Но темнота начала сгущаться, чернеть и давить грудь. Он сделал усилие, вздохнул и перевернулся на бок. Черная темнота заколебалась, поплыла, и колокольня, обозначившаяся в ней, стала наклоняться, наклоняться — и вдруг вся рухнула на него. Он барахтался, силясь освободиться от сыплющихся на него камней, пыли, известки, — и наконец, глухо, по-животному, заревев всем нутром, раскинул их. Раскинул — и, весь в ледяном поту, с трепещущим сердцем, порывисто сел на постели… Нужно было нашарить в темноте коробку со спичками, поскорее зажечь свечу и закурить черную, пахнущую горящим веником сигару «Эспик»… По крыше шумел проливной дождь, и этот шум, вместе с лихорадочным шумом в ушах, с каждой минутой становился все певучее, наполняясь вызывающими звуками краковяка.

Под утро землемер забылся и, свистя запухшими бронхами, крепко спал до десяти часов утра. Мирный величавый гул, от которого нежно дребезжали стекла, слышался ему сквозь сон. Он открыл глаза и понял, что это колокол: было первое октября, престольный праздник в Долгом. Нежно звенящие стекла были матово-голубые, — значит, перед утром был крепкий мороз, чистый легкий воздух, яркое небо… Землемер освежил водой свое точно заплаканное лицо. В доме было тихо, — все были в церкви, — на столе в зале стоял остывший самовар. Землемер выпил стакан теплого чаю и на минутку вышел на крыльцо, — первый раз после болезни.

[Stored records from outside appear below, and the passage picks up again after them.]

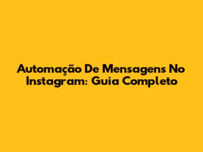 Automação De Mensagens No Instagram: Guia Completo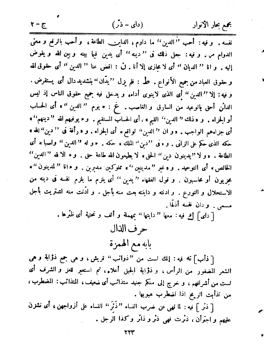 نفسه. وفيه: أحب "الدين" ما داوم، الداين الطاعة، وأحب بالرفع ومعنى الدوام مر. وفيه: جعل ذلك في "دينه" أي يدين فيما بينه وبين الله ويفوض إليه. وأنا "الديان" أي لا مجازي إلا أنا. ن: اقص عنا "الدين" أي حقوق الله وحقوق العباد من جميع الأنواع. ط: فلم يزل "يدان" بتشديد دال أي يستقرض. وفيه: إلا "الدين" أي الذي لا ينوي أداءه ويدخل فيه جميع حقوق الناس إذ ليس الدائن أحق بالوعيد من السارق والغاصب. غ: "يوم "الدين"" أي الحساب أو الجزاء. و"ذلك "الدين" القيم"، أي الحساب المستقيم. و"يوفيهم الله "دينهم"" أي جزاءهم الواجب. "وأن "الدين" لواقع" أي الجزاء. و"رأفة في "دين" الله" حكمه الذي حكم على الزاني. و"في "دين" الملك" حكمه. "وله "الدين" واصبا" أي الطاعة. "ولا "يدينون دين" الحق" لا يطيعون الله طاعة حق. و"إلا لله "الدين" الخالص" أي التوحيد. و"غير "مدينين"" مملوين مدبرين. و"أنا "لمدينون"" مجزيون أو محاسبون. وقول الفقهاء "يدين" أي يلزم ما يلزم نفسه في دينه من الاستحلال والتورع. وادنته وداينته بعت منه بأجل. وادنت منه اشتريت بأجل مسمى. ودان نفسه أذلها.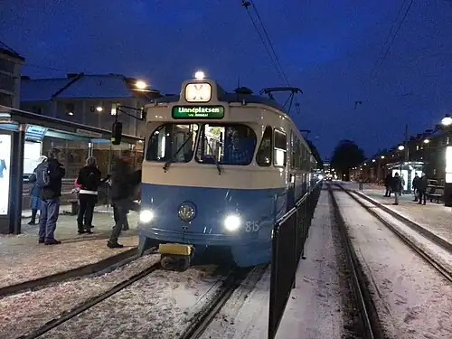 Vagnhallen Majorna is a Gothenburg tram network stop. It has two platforms with trees that separate the tram tracks from the road. It is one of the only two stations to have this structure; the other one is Ostindiegatan. Vagnhallen Majorna is an important tram stop because it is near the Vagnhallen Majorna where the tram stop depot is. There are many trams that use the tram stop.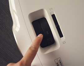 用時(shí)通風(fēng)效果良好;機(jī)身兩側(cè)比較簡(jiǎn)潔;機(jī)身頂部設(shè)計(jì)有燈泡更換區(qū)域,擰下一顆螺絲釘便可輕松更換燈泡;同時(shí)頂部擁有變焦與聚焦旋鈕,兩個(gè)旋鈕阻尼感適中,調(diào)解時(shí)靈敏舒適;頂部后方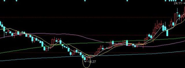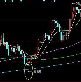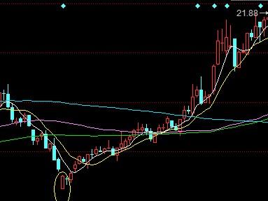 2、长期下跌后,一针刺到底(如下图圈内),财宝顶到天(金针底)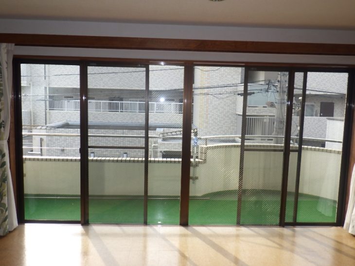 2枚引き違い窓が2つ付いてるタイプです。大きくて解放感あるように見えますが真ん中に方立てが残ってしまいます。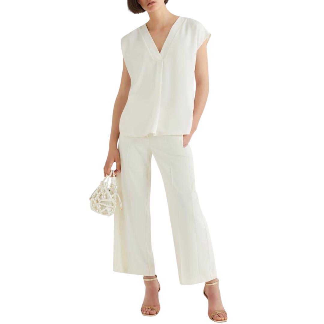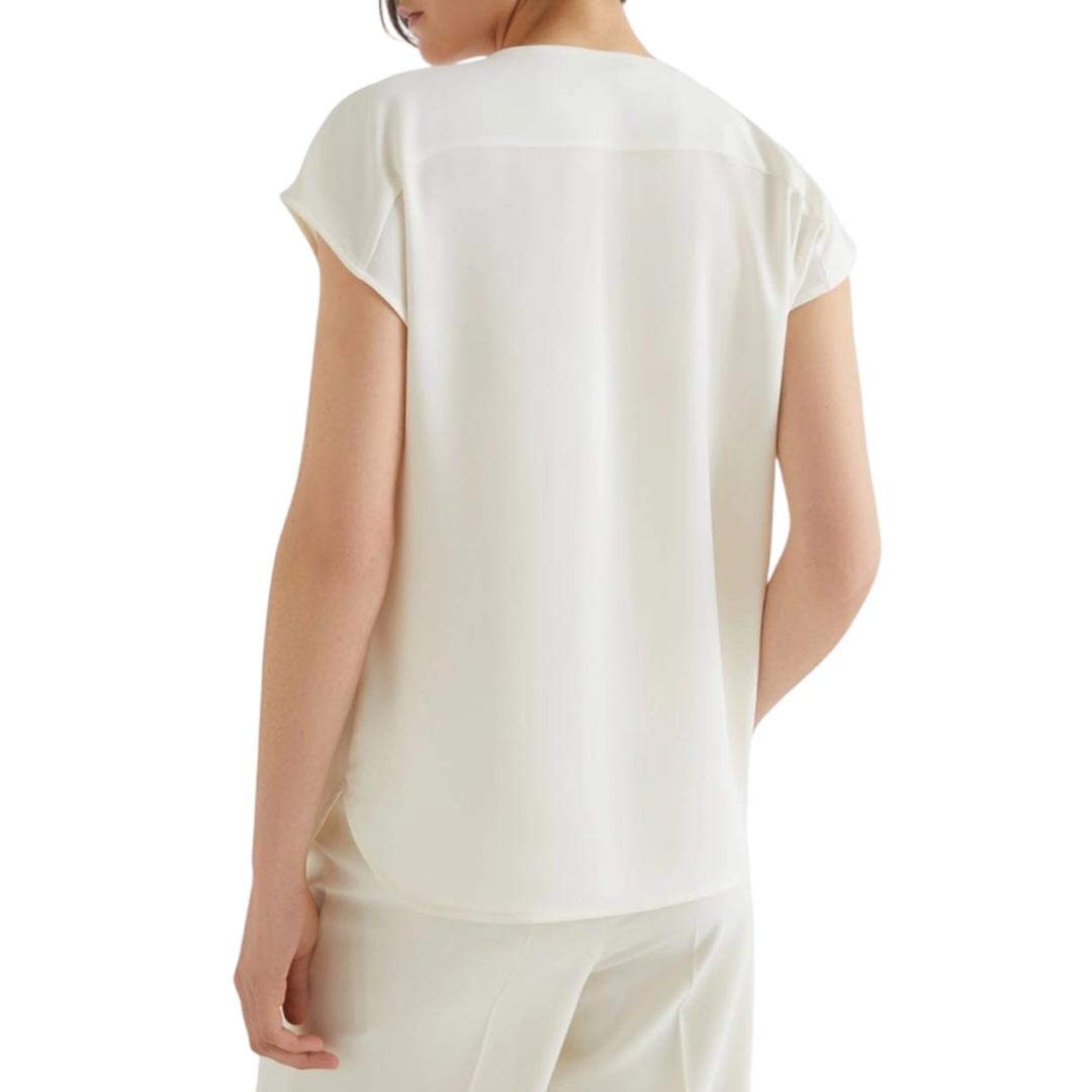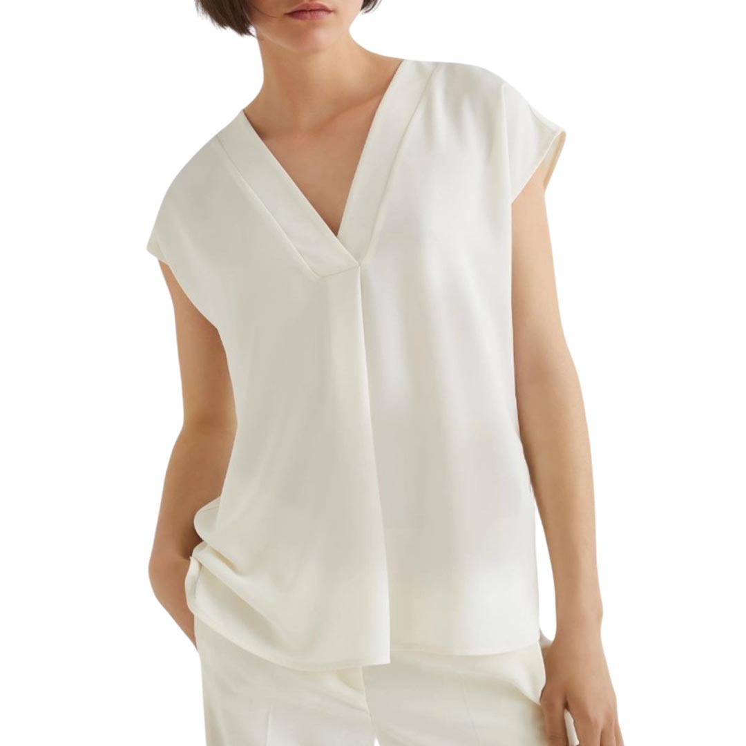 Minimal con un twist: la blusa in satin carezza la pelle e riflette la luce grazie alla sua leggera brillantezza. Con maniche a kimono e scollo a V per una versatilità che ti sorprende. Tessuto principale contenente una percentuale di poliestere riciclato superiore al 50% Blusa in satin light fluido Fit regolare Scollo a V Maniche corte con linea a kimono Carré posteriore Modello sfoderato

Боже, какое невыразимое счастие — дышать! Думать, смотреть, двигаться — это дивно, сладко, но дышать… люди даже и представить себе не могут, чего они лишатся, утратив блаженство пить этот божественный напиток жизни!

И, сладостно слабея от душистой свежести, проникавшей до самой глубины наболевшей груди, землемер прислонился к двери.

На крыльце — яркое радостное тепло, из палисадника тянет холодком сырой земли и вялым ароматом гниющих цветов и листьев. Противоположная сторона улицы еще в тени, и в прозрачном воздухе так близки кажутся голубовато-белые стены мазанок. Ветви лозин за ними уже голы и четко рисуются на чистой лазури… Какой простор сияет теперь за селом, в степи, — на мерзлых кочковатых дорогах, на озимях, над которыми дрожат острые крылья ястребков и кобчиков! Но стоять было трудно, воздух пьянил и резал грудь.

Он повернулся и столкнулся с Василисой, выносившей из дому медный поднос с самоваром и чашками. «Вот здоровье!» — острой завистью мелькнуло у него в голове. Не то кукла, не то истукан какой-то! Черные глаза бессмысленно блестят, лицо сизо от густого румянца и цинковых белил, бордовое шерстяное платье, неуклюже сшитое по моде и надушенное «персидской сиренью», чуть не трещит по швам, в черных волосах краснеет бумажная роза, на шее разноцветные бусы…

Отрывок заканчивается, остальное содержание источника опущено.